Ce qui surprend d’emblée en commençant le premier épisode c’est l’intrusion du réel dans la fiction qui n’en est pas vraiment une. En effet chaque épisode commence par le témoignage de vétérans américains de la guerre de 40. Ceux là même que l’on suivra tout au long de l’histoire : les membres de la Easy Compagny. Cette compagnie de parachutistes, étudiée par l’historien Stephen E. Ambrose auteur d’un livre les concernant, est en effet le symbole parfait de la progression de l’armée américaine dans l’Europe occidentale occupée. Parachutés en Normandie ces hommes ont ensuite gagné la Belgique, tenu des positions plus que difficiles à Bastogne avant de marcher en Allemagne puis en Autriche.
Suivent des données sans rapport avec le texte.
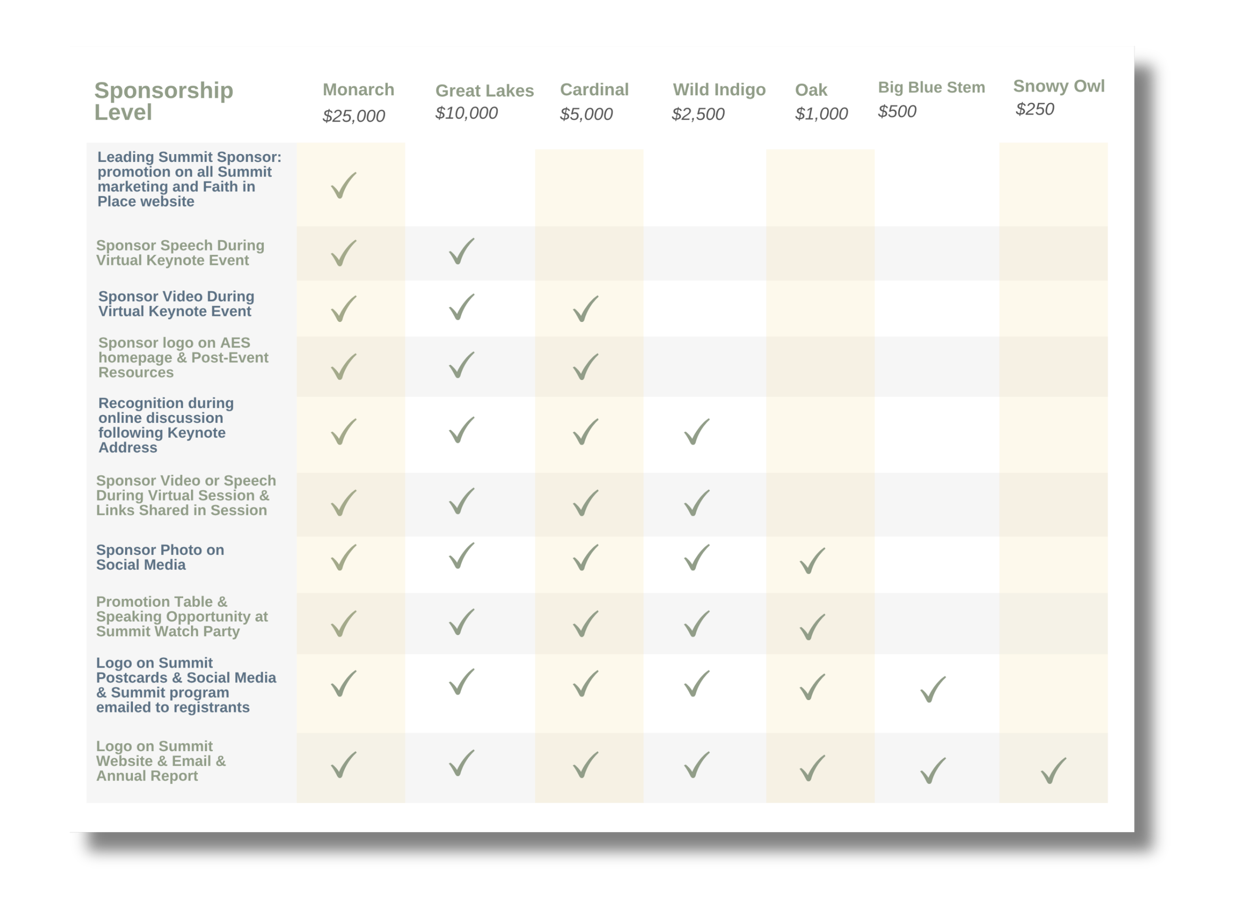 Website Promotion: Logo and 15-word message about why your are sponsoring displayed on Summit website. Logo is linked to sponsor’s website.

A l’instar d’“Il faut Sauver le Soldat Ryan”, “Band of Brother” se veut être un témoignage crédible de la violence sans borne qu’a été la seconde guerre mondiale ; et le but est atteint. Car la Easy Compagny est ce qu’on appelle de la chair à canon et tous ses membres ne verront pas la fin de la guerre. Pour autant l’ambition avouée de l’œuvre ne s’arrête pas là, car si la guerre est un terreau propice à l’horreur humaine elle l’est également à l’aspect le plus beau de l’humanité. Et silencieusement, lentement, au cours des 10 épisodes, c’est cette toile là que tisse “Band of Brothers”, cette propension tout bonnement humaine à tendre vers le meilleur même les pieds dans la fange ; ce besoin vital d’exister par et pour les autres quand l’adversité s’évertue à vouloir vous démembrer et vous tuer. Alors oui la question se pose, faut-il atteindre des extrémités aussi atroces pour entrapercevoir un aussi bon côté chez l’homme ? C’est possible et c’est là que repose toute la mélancolie du propos. Le casque de Mattew Modine arborait dans “Full Metal Jacket” le signe Peace and Love d’un côté et l’inscription “Born to Kill” de l’autre ; John Lennon chante “Imagine” un jour et inspire son propre assassinat le lendemain. L’histoire regorge d’exemples de ce type. A ce titre “Band of Brothers” détient dans ses scènes les plus dures certaines de ses scènes les plus belles.

La série se referme sur les destins d’après guerre de chacun des rescapés de la Easy Company ainsi que sur les témoignages de ceux-ci (les vrais) aujourd’hui. Le dernier à témoigner fera la plus belle des déclarations qu’un grand père puisse faire à son petit-fils : “Non, je n’ai pas été un héros de guerre. Mais j’ai servi dans une compagnie de héros.”

Je me rends compte à la relecture que je n’évoque même pas l’objet cinématographique (ou télévisuel). C’est bien là la preuve que ce dernier a su se faire oublier au profit de son propos. Pour le coup c’est une belle preuve de réussite.